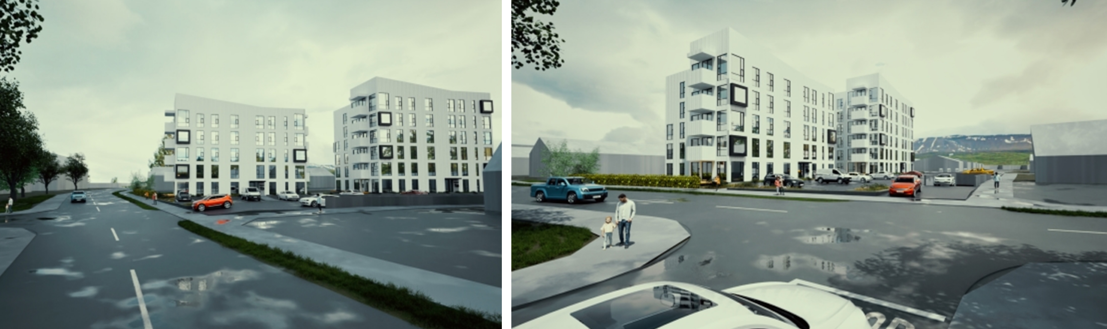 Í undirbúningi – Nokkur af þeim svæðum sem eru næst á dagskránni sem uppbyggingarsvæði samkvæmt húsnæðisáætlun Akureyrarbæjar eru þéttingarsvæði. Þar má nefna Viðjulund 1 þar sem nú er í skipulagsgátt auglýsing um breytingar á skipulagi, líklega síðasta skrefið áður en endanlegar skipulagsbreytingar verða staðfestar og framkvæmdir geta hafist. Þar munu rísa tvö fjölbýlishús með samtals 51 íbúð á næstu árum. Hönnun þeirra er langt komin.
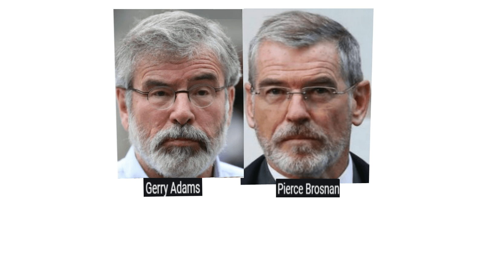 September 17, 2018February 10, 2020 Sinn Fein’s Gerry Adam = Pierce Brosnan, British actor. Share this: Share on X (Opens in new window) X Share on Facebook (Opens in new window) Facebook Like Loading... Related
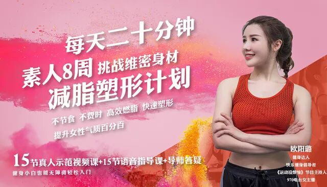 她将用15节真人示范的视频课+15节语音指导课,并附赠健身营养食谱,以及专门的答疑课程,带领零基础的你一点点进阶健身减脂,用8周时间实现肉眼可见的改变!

-=-=-

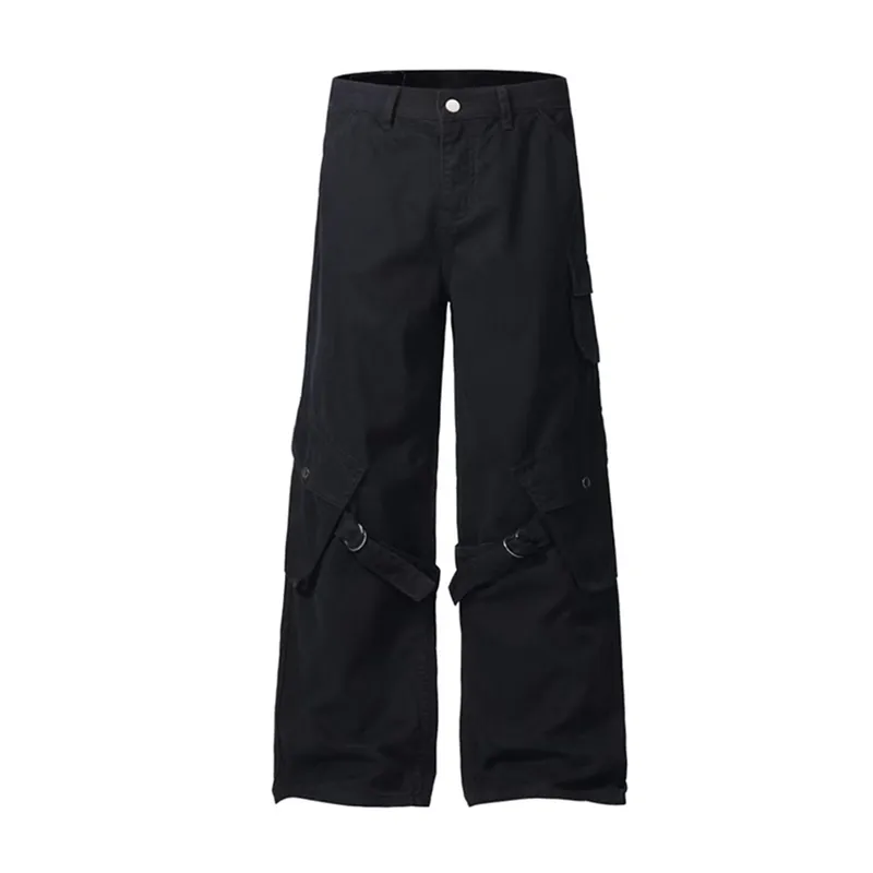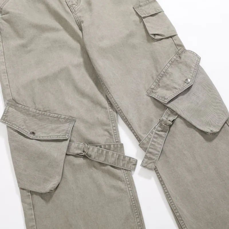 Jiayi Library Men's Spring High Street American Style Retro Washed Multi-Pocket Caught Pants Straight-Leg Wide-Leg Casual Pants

-=-=-

#### WHAT IS BEING ASKED
Given the listing above, retype only the span of lines from the line with "September 17, 2018February" up to and including the line with "她将用15节真人示范的视频课", exactly as it stands and without pictures.

#### ANSWER TO THIS TASK
 September 17, 2018February 10, 2020 Sinn Fein’s Gerry Adam = Pierce Brosnan, British actor. Share this: Share on X (Opens in new window) X Share on Facebook (Opens in new window) Facebook Like Loading... Related
 她将用15节真人示范的视频课+15节语音指导课,并附赠健身营养食谱,以及专门的答疑课程,带领零基础的你一点点进阶健身减脂,用8周时间实现肉眼可见的改变!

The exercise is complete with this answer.